MongoDB ScalabilityRecently I was talking with Tim Sharp, one of my colleagues from our Technical Account Manager team about MongoDB’s scalability. While doing some quick training with some of the Percona team, Tim brought something to my attention: he mentioned to me that several customers he has been in contact with have been telling him that “MongoDB doesn’t scale!” MongoDB’s scalability was in question? My response was, “Is that a joke?”

MongoDB scalability

Coming from MySQL users, I was confounded given MongoDB’s native ability to easily scale horizontally. However, I quickly realized that they may not have been referencing its ability to shard.

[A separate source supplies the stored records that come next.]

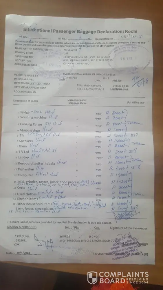 We booked Sea Cargo to Chennai and paid AED 4000/- for 36 Boxes. Mr. Basha who took the booking informed that it will be door to door delivery and we need to pay only Customs duty in Cochin Airport. When we asked why in Cochin he informed they will deliver items to Chennai since it is door to door and need not worry other than Customs duty charges.
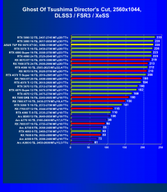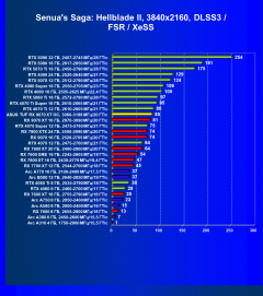 - Результаты тестов со включенной аппаратной трассировкой лучей и/или DLSS/FSR/XeSS в разрешениях 1920×1080, 2560×1440 и 3840×2160
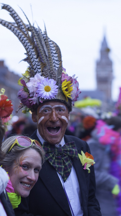 Le grand carnaval de Dunkerque...bien vue avec le beffroi de l’hôtel de ville dans le fond...

So I decided to take a step back and look at the history of MongoDB, not just its present form, to get to the bottom of this. Here’s my analysis:

The History

From MongoDB’s inception, it was obvious that it was a developers database – and thus a vast majority of the development resources went into functionality (not performance). Nowhere was this more apparent than with the MMAP storage engine. From what I can tell, this is the root of the belief that MongoDB doesn’t scale. And, for good reason too! From MongoDB v1.0, which was released on August 27, 2009 (according to Wikipedia) and stretching for three years (all the way until v2.2 released on August 28, 2012), there was a per-process lock. That means that you could only have one operation being performed on a single MongoDB server at a time. To put that into context, this is useful for a website that has only one user on it, but not something that is generally worthy of my least favorite buzzword, “webscale.” Obviously, they changed that with v2.2 and introduced an extremely mature database-level lock (note the sarcasm). In most users eyes, including mine, this was hardly a revelation. The lack of “useability” of a database-level lock is especially apparent in MongoDB, due the fact that it doesn’t support the ability to join data from separate collections (think tables in RDBMS), let alone databases. Don’t get me wrong, there were/are thousands of users making MMAP work for them – but, IMO, at a significant cost!

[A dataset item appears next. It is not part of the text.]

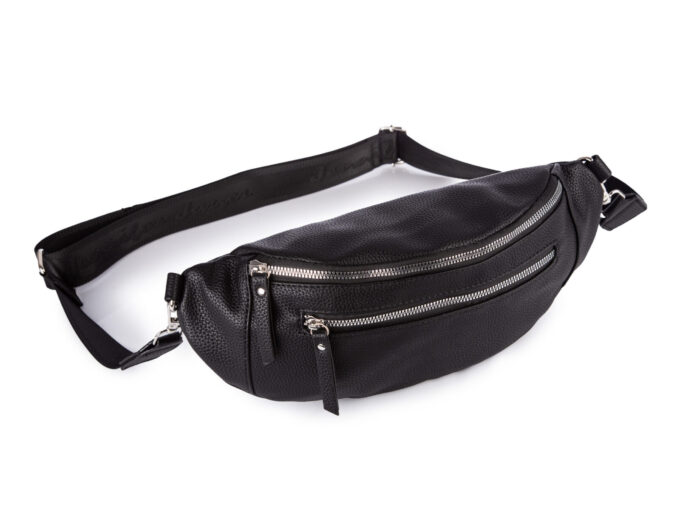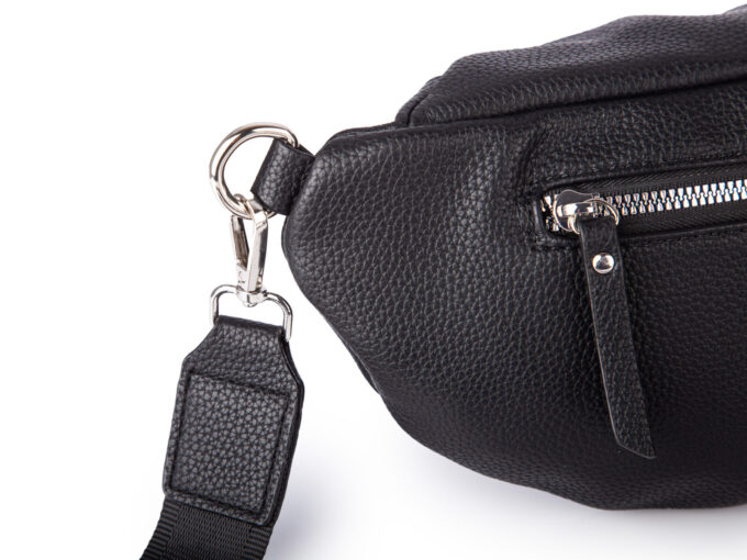 - Duża czarna saszetka damska typu nerka z paskiem na ramię.

Finally, at MongoDB World in June of 2014, it looked like there was finally going to be some major vertical scalability changes. These were to come in the form of a document-level locking scheme for the MMAP storage engine and a new storage engine API. There was even a demo to show MMAPs new thread scaling and throughput capabilities. To make a long story short, that version of MMAP never made it out of the cage, but through a key acquisition, WiredTiger did. And with it, the dawn of the MongoDB document-level lock had come.

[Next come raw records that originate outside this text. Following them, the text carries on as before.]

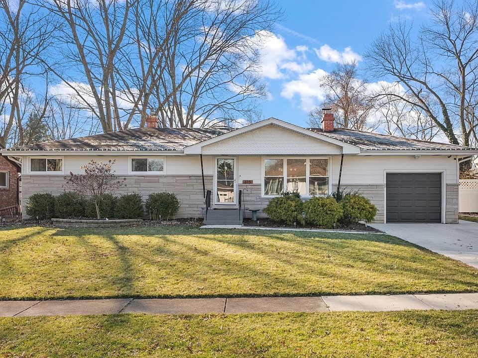 Location, location, location! This tastefully updated ranch is located within walking distance to downtown Crown Point. Offering close to 2,500 sq ft of finished living space w/ 3 bedrooms & 2.5 bathrooms. Open concept living and kitchen area w/ stone fireplace and plenty of windows for natural light. Kitchen offers custom dark wood cabinetry, granite countertops, stainless steel appliances. Primary bedroom has an ensuite w/ updated tiled shower and vanity. Basement is finished w/ rec room, play room area, dry bar, and half bath. Laundry room and extra storage conveniently tucked away with barn doors. 1.5 car attached garage w/ tool area and more storage. Backyard is fenced in for added privacy. Storage shed and gazebo included. Great space for entertaining on the deck and patio! Updates include water heater (2023), dishwasher (2023), deck (2023), new landscaping (2023), driveway (2023). Award winning Crown Point school system!
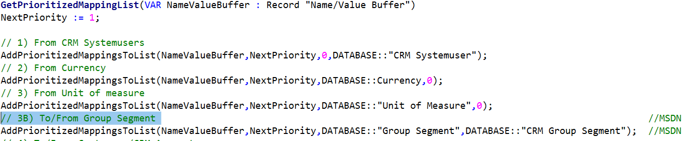 - Set up Defaults to automate the creation of Table/Field mappings and Job Queue automagic enablement. Change the following functions in Codeunit 5334 “CRM Setup Defaults” and create a new one: RestGroupSegmentMapping
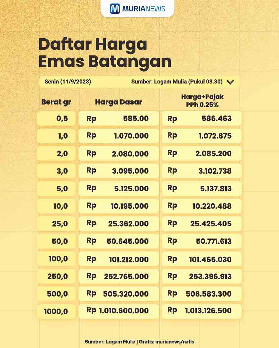 Meski LM mengakui ada kenaikan, Pegadaian justru tidak ada perubahan. Melansir situs resmi Pegadaian, harga logam mulia Antam ukuran terkecil 0,5 gram dijual Rp 600.000. Harga ini tidak berubah dibandingkan kemarin (10/9/2023).

To wrap up the last two paragraphs in a simple statement: MongoDB prior version 3.0 relied much too heavily on horizontal scalability and, almost completely, ignored the need for increased single server efficiency. For a database that was developed to service the changing needs of the web/application driven businesses (i.e. highly concurrent), this was confusing, if not maddening. Furthermore, during a critical period of new user attraction, potential long term users of MongoDB were disenfranchised because they viewed the lack of vertical scalability as frustratingly inefficient; a multiplier of infrastructure complexity. Now that I look back, it’s no wonder MongoDB has a reputation for scaling problems.

The Present

As I previously mentioned, MongoDB, Inc., acquired a company called WiredTiger, and with it the WiredTiger storage engine. This finally ushered in a modern locking scheme and a greatly enhanced throughput (vertical scalability). WiredTiger also has the ability to support compression for greater space efficiency (the MMAP engine is also a storage hog). However, the storage engine API lets anyone build a storage engine, which leads to more options . . .

A Contender Enters the Ring

To start at the end, á la the movie Memento, on December 14th, 2015 Percona released the GA version of Percona Server for MongoDB, an enhanced, high-performance distribution of MongoDB. It was designed to build on the success of their purely FOSS (free and open source software) Percona Server for MySQL. Now that I’ve spoiled it, let’s take a brief look at how we got there.

Enter Tokutek

In the beginning of 2015, Percona acquired the company that I was working for: Tokutek. With it (and me) came a “futuristic” fork of MongoDB called TokuMX. TokuMX was, as far as I know, the first implementation of a document-level lock and write optimized storage engine (Fractal Tree) in MongoDB (not to mention compression and advanced features). The effect was impressive, with customers regularly reporting upwards of 10-20x the performance with compression ratios of 6:1 on low end and 32:1 for highly repetitive data – talk about enhanced scale! However, maintaining a fork with such an advanced feature set (on top of what MongoDB included) proved difficult to maintain given that a new version of MongoDB was being released approximately every six months, and code inter-dependencies for TokuMX were complex. Our customers began asking for greater parity with upstream . . .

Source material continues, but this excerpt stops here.